Network Blog

Reflections on fitness, wellness, health and more

How wearable tech can boost incidental exercise

By Australian Fitness Network's Executive Director, Nigel Champion

Our promise to our clients and members is that we will guide, support and motivate them through their health and fitness journeys. The difficulty in delivering on this promise is that we may only see them for an hour or two each week. So, the $64,000 question is, what do we do about the remaining 166+ hours of the week when we don’t see them?

The answer lies in convincing them of the incredible benefits of incidental activity – exercise that they won’t even realise they are doing. The effects of every small act of movement performed throughout the day accumulate, and result in increased energy expenditure. This is not about attending a training session, going for a run or playing sport, but about choosing to be active whenever possible instead of taking the easy, sedentary option. Take the stairs not the lift. Park five minutes further from your workplace. Walk around the office to ask colleagues simple questions rather than emailing or phoning them.

For clients and members to truly realise the power of incidental exercise, however, it needs to be measurable. In case you hadn’t noticed, that’s very easily done these days. As well as tracking daily activity levels and providing immediate feedback to the wearer, data gathered by wearable technology can often be automatically shared with a personal trainer, thereby enabling the PT to monitor their client and offer advice and encouragement accordingly.

While some wearable technology is designed specifically for use during exercise, when it comes to gauging the exertions of incidental activity, wrist-worn devices are probably the more practical option, as clients can wear them all day without even thinking about it. We’re talking smart watches like the Apple Watch, Fitbit, Samsung Gear Fit, Moto 360 and wearables like Jawbone and MisFit, all of which download daily activity to your phone.

These devices can record incidental exercise, and set daily activity goals based on recommendations from leading health organisations. The five activity areas monitored and recorded by Apple Watch, for example, are steps taken, kilojoules burned, distance moved, floors climbed and time spent standing.
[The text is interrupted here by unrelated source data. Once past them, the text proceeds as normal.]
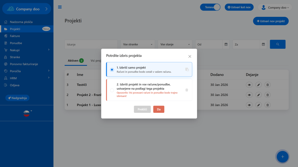 - Izbriši projekt in vse račune/ponudbe,ustvarjene na podlagi tega projekta
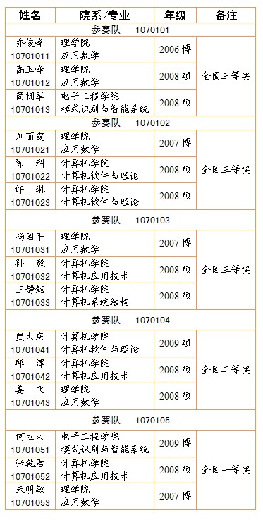 在第六屆全國研究生數學建模競賽中,電院09級博士生何立火參賽隊獲得全國一等獎,08級碩士生簡擁軍參賽隊獲得全國三等獎
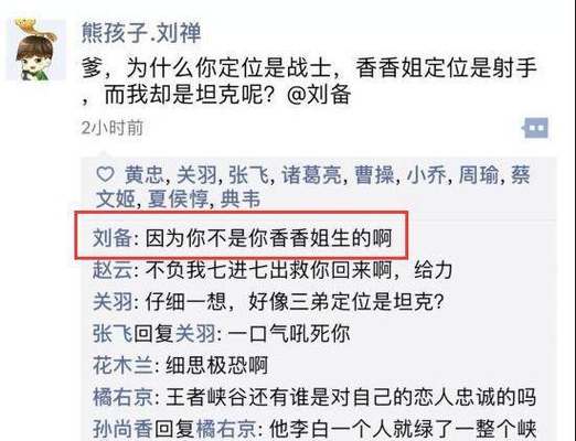 当然,这一波最神奇的,还是刘禅发的朋友圈,刘禅提出来了一个很经典的问题,那就是,刘备的定位是战士,而香香的定位是射手,那么这个时候问题就来了,为什么刘禅是坦克呢?
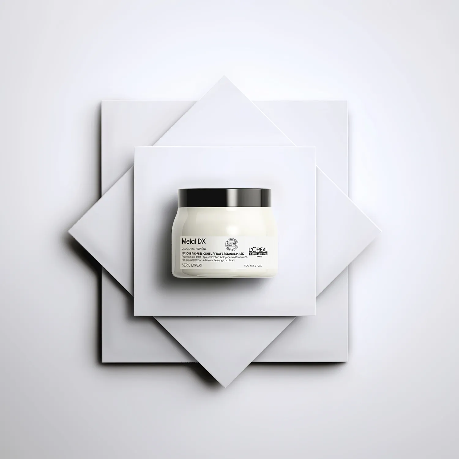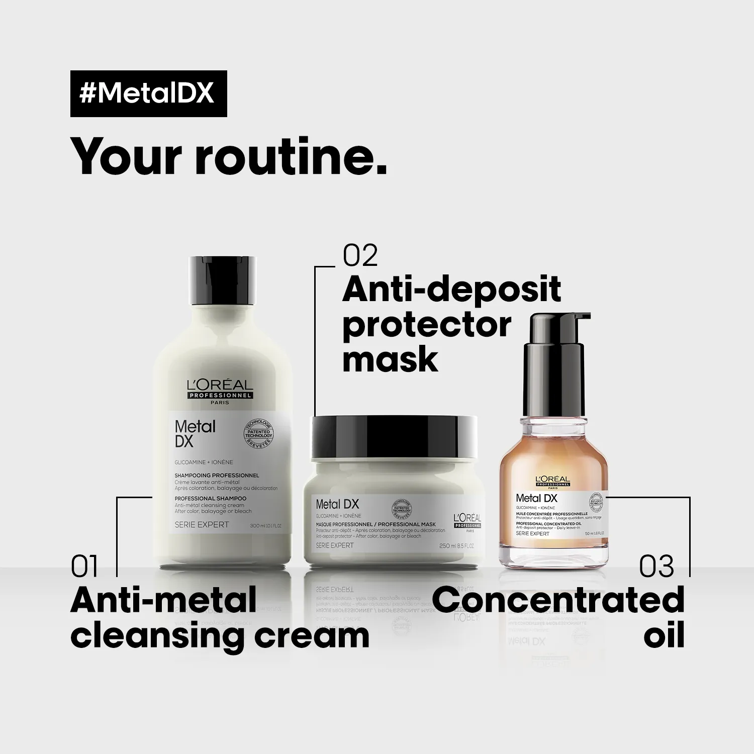 Innovative technology for neutralizing harmful metals. The Metal DX range from L'Oréal Professionnel was developed to protect the hair from metal deposits that can accumulate during washing with tap water and negatively affect the hair color. With its innovative technology, the line neutralizes these particles, reduces hair breakage, and ensures that colored hair retains its radiance longer – for vibrant colors, smooth hair, and professional care results.

Throughout the day the wearable provides progress updates until the goals in each area are achieved.

The irony of all this, of course, is that technology is largely responsible for the huge reduction in incidental exercise in our daily lives, resulting in the high incidence of sedentary lifestyle diseases, such as high blood pressure, cardiovascular disease, diabetes and obesity. But just because it contributed to the problem doesn’t mean technology can’t also be part of the solution.